RECORDS FOR THE TASK START
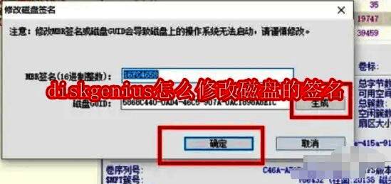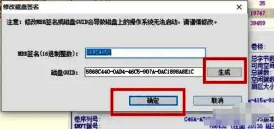 3、在设置好新的磁盘签名或GUID后,确认修改即可。
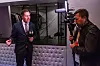 Pressesjef i Sverigedemokraterna, Henrik Winge intervjues av TV2.Ole Gunnar Onsøien
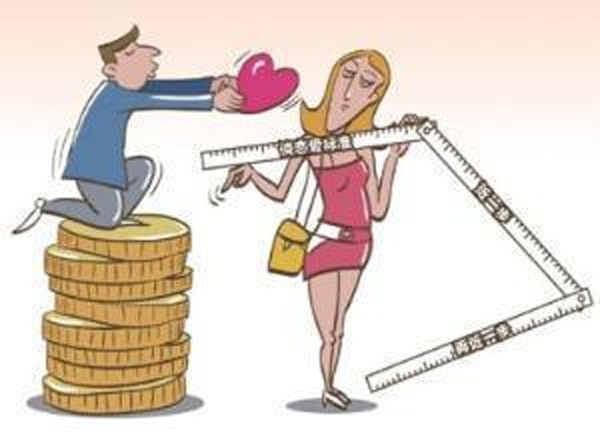 Según los datos de diversas regiones, los hombres del sur de China y las mujeres del norte tienen requisitos más altos en cuanto al salario de una pareja ideal se refiere. Entre los de diversos requisitos, muchas parejas solo mantendrían una relación con alguien que tuviese ya una vivienda.
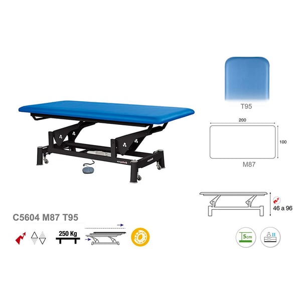 Camilla eléctrica Ecopostural, tipo Bobath, ideal para especialidades: un cuerpo con estructura de biela negra y cabezal T95 (100 x 200 cm)
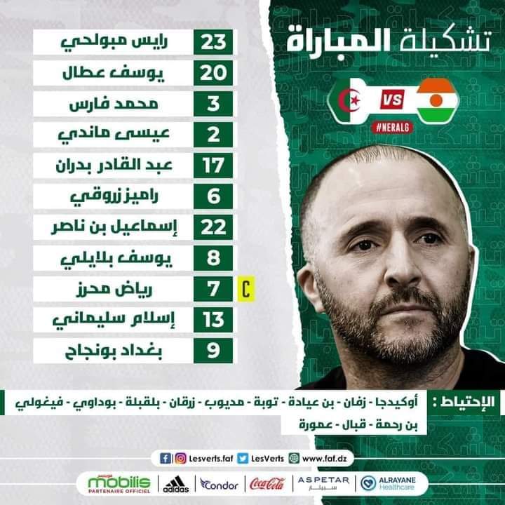 Algérie - Pour le cette rencontre de la 4e journée des qualifications pour le Mondial qatri opposant le Niger face à l’Algérie ce mardi (17h00), Belmadi a décidé de titulariser la même équipe qui s’est imposée à Tchaker (6-1), à une seule exception.
RECORDS FOR THE TASK END
■ WHAT THE TASK ASKS ■
Reproduce verbatim, and only, the lines starting at the one that contains "Según los datos" and ending with the final line of the records; leave out the pictures.

■ TASK SOLUTION ■
 Según los datos de diversas regiones, los hombres del sur de China y las mujeres del norte tienen requisitos más altos en cuanto al salario de una pareja ideal se refiere. Entre los de diversos requisitos, muchas parejas solo mantendrían una relación con alguien que tuviese ya una vivienda.
 Camilla eléctrica Ecopostural, tipo Bobath, ideal para especialidades: un cuerpo con estructura de biela negra y cabezal T95 (100 x 200 cm)
 Algérie - Pour le cette rencontre de la 4e journée des qualifications pour le Mondial qatri opposant le Niger face à l’Algérie ce mardi (17h00), Belmadi a décidé de titulariser la même équipe qui s’est imposée à Tchaker (6-1), à une seule exception.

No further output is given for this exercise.